Interview with Il Sole 24 Ore
Interview with Benoît Cœuré, Member of the Executive Board of the ECB,
conducted by Alessandro Merli on 25 April and published on 27 April 2016
Last Friday in Amsterdam the Economic and Financial Affairs Council (Ecofin) discussed a Dutch presidency proposal to change the rules on sovereign debt holdings in banks’ portfolios. That was opposed by a majority of countries. What happens now?
There were clearly different views among ministers and they agreed that the issue needs to be investigated further. It’s a long technical process. Several participants, including the ECB, made the point that we should seek to achieve global consistency. We should have as level a playing field as possible in banking regulation. To be honest, I was never totally convinced by the argument that there cannot be a European discussion on sovereign risk: the bank/sovereign nexus exists everywhere, but in the euro area it’s unique in its intensity and there is an acceptance that it has been a major contributor to the euro area crisis. But any European answer has to be set against a global background. We need to wait and see how the discussion develops in the Basel Committee. That was very much the tone in Amsterdam.
The Germans, and a few others, make the point that there cannot be a European deposit insurance scheme (EDIS), which the ECB says is an essential part of the banking union, without a solution to banks’ sovereign exposure. So, if EDIS is put on hold, does that mean there will be a long delay before a common deposit insurance is introduced?
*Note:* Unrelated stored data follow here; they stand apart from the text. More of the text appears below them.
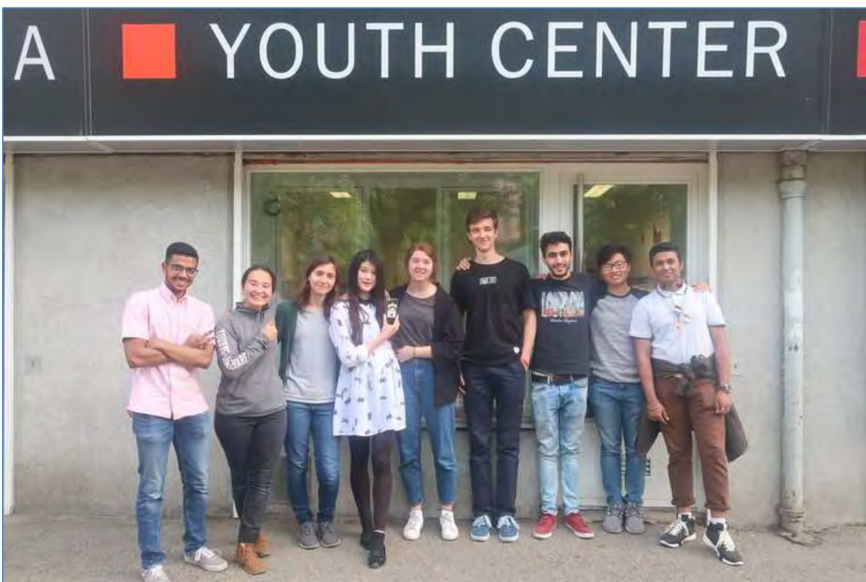
Finally, with all of CIGYM concluding their time in their countries, the Czech Republic team prepares for their final events, of hosting a two-day workshop, as well as leaving their final marks towards CARP, still continuing to build relations with the many students and young people coming to the youth center and delving deeper into universal principle studies.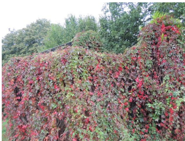
Photo 2: The eastern and northern elevations of the shed are engulfed by Virginia Creeper

The survey buildings comprise a shed (see Photo 1), a workshop and an annexe. The shed is due for demolition whereas the other buildings are to be retained and are unaffected by the proposal. The shed is aligned E-W and has a metal sheet roof and weather-boarded walls above a block plinth. The western wall of a lean-to store with a sloping metal sheet roof is of block. The survey found that the interior of the building received daylight illumination via a window to the south, and the lean-to shed was lit by windows to the south and west. In such conditions, bats seek out dark areas or crevices in which to roost and the lack of such features in the walls and roof meant that the building was unsuitable as a roosting place for bats. The workshop had a slate and felted roof and weather-boarded walls. The roof area was accessed via a ladder and no evidence of bats was found in the loft or on items stored within the roof void. The annexe has a slate roof and pale, rendered walls. The interior has a vaulted ceiling throughout and is for residential use. Externally, there was a tight seal to the eaves and gables and no evidence such as droppings or staining was found on the pale walls where the presence of bats would have been readily apparent.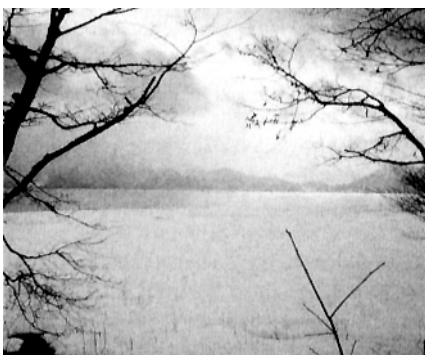
■ Lake Tazawa

Even the station that we stopped at on that particular line was a trip back to the days of

The exclusive link between the two is a political construction. There are at least three dimensions to the issue of sovereign risk. One has to do with the risk in banks: that is clearly tied to EDIS. Progress in risk sharing has to be combined with progress in risk reduction. It makes sense in economic terms and it makes sense in political terms. But if we want to examine all the consequences of putting risk weights on sovereign bonds or setting a limit on exposure, they are not just about risk in banks. They also have an impact on how governments fund themselves. In Europe, unlike the US, most government bonds are purchased by banks. So any change in sovereign exposure for banks would also have consequences for government funding. This second dimension ties in with the discussion on fiscal union. There is also a third question: the need for financial markets to function with risk-free assets. So, if we start considering government bonds as risky, that is good in terms of discipline for banks, but it can also create systemic fragility and have an impact on the functioning of capital markets. That is no excuse not to discuss the issue. But we need to understand all the consequences and in all likelihood it will lead to a process that will be phased in over a very long period so that the consequences can be managed and anticipated more closely by governments, banks, and market participants.
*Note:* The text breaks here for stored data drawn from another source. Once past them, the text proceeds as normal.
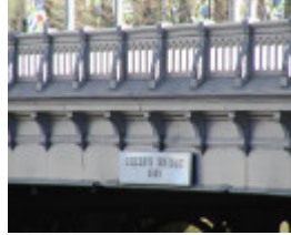
h01448 queens bridge queensbridge street over yarra river melbourne detail view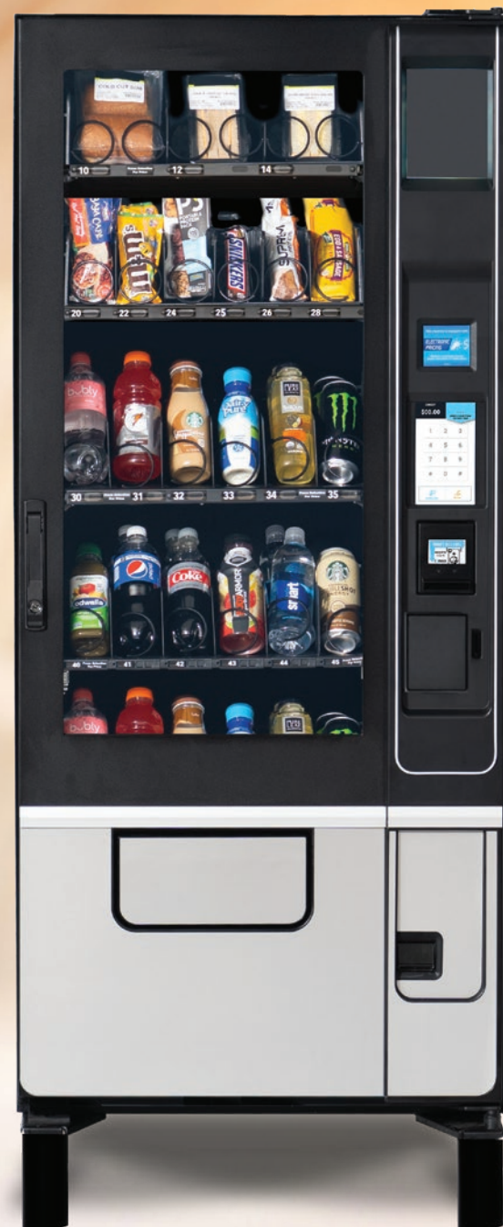
Evoke ST3 shown with optional 7" Touch Screen and standard Leg Covers

The refrigerated merchandiser designed for performance and built to last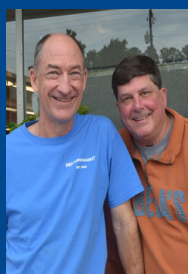
COME SEE PHIL & JAMIE FOR FRESH LOCAL SEAFOOD SPECIALS!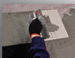
Spread paste on the back of tile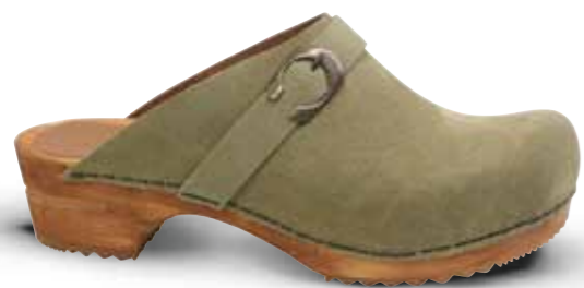
Hedi // 457190 // Suede 43 Green // Size 35-42

Traditional clog style in SUEDE; selected colours matching the Spring/Summer 2022 palette. 5 cm high platform sole with heel carving; the iconic Sanita wood style.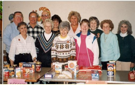
1983 Thanksgiving Drive

Gift cards began to be included in 2004, giving families more freedom in choosing gifts for their children. Seven years ago this ministry also experienced the help of Family Program middle-schoolers to help at Thanksgiving.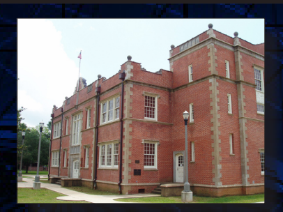
Lee H. Nelson Hall Home of NCPTT

National Center for Preservation Technology & Training • Technology Serving the Future of America's Heritage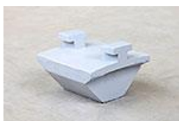
Circum Guard plate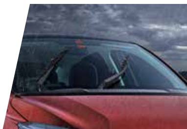
RAIN SENSING WIPERS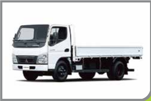
Pickups (3 to 5 Ton Capacity)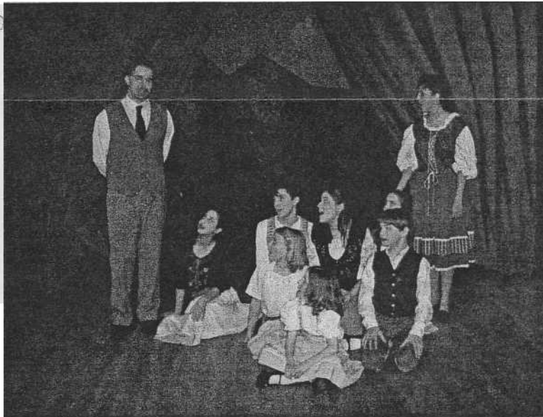
The von Trapp family in a scene from The Sound of Music . (story continued on page 2)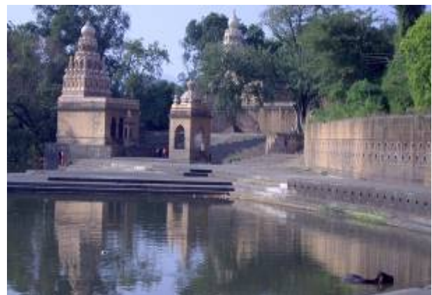
Fig. 4. Menawali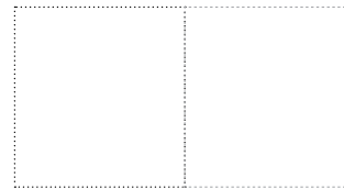
Page 40. Back Cover.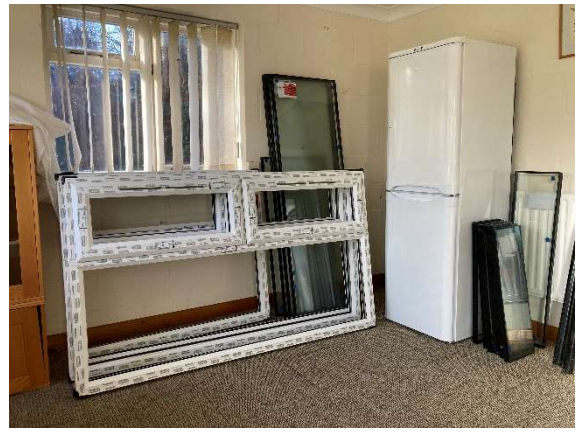
New windows ready for installation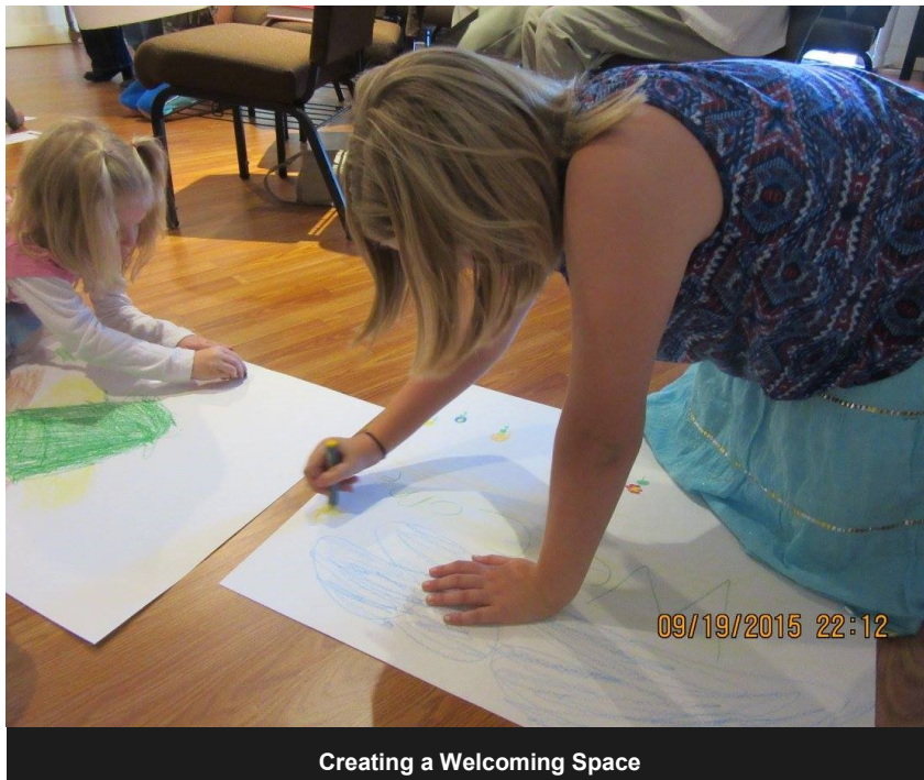
Creating a Welcoming Space

The ECB published a legal opinion last week saying that the deposit insurance scheme should not be conditional on issues whose solution in uncertain, as would seem to be the case with this discussion on sovereign risk. What happens if Germany asks for EDIS to be put on hold until the sovereign risk issue is solved?
The two discussions will continue in parallel. What the ECB has argued in its legal opinion is that in the event of a conditional phasing-in of EDIS, any milestone on risk-reduction would have to be precisely defined ex-ante. Banks and depositors need to know what the timeframe and conditions will be. I expect the two discussions to take time, as there are many unresolved questions. The Dutch Presidency has already made clear that it will be passing this dossier to Slovakia next semester.
In Amsterdam, there was also a discussion on Greece, with an agreement that the government should adopt contingency measures to be triggered if it fails to reach the targets set out by the programme, but no immediate progress on debt relief. Are we in for another long, hot summer of Greek drama?
On Greece, I am cautiously optimistic. There has been good progress in recent weeks, and in the few days before Amsterdam’s Eurogroup meeting. The Greek government has been committed in moving towards a solution that delivers on the programme agreed last August. The review is about implementation. The Greek government has moved closer to the institutions: there is near agreement on the measures to be taken, including in the difficult areas such as pension reform and personal income tax. That is promising. We are not 100% there yet, but we are close. It’s time to discuss the next step: the fiscal path until and beyond 2018, debt sustainability and whether debt measures will be needed. The mission chiefs are back in Athens. The priority this week is to agree on contingency measures, which I see as an insurance in the event that the IMF fiscal scenario, which is more conservative than the European one, materialises. It’s not surprising that there are different views, as there is so much uncertainty. At this point it’s a discussion about risk management and how to hedge against risk. These are measures, if the scenario of the Commission, the ECB and the ESM is the right one, that Greece will never have to implement. On debt, the uncertainty is even greater, as we are talking about what happens after 2018 and in the longer term. The debt sustainability analysis will hinge on assumptions about long-term growth, primary surpluses, and interest rates. On this basis, I expect debt measures to be needed to address risks to debt sustainability.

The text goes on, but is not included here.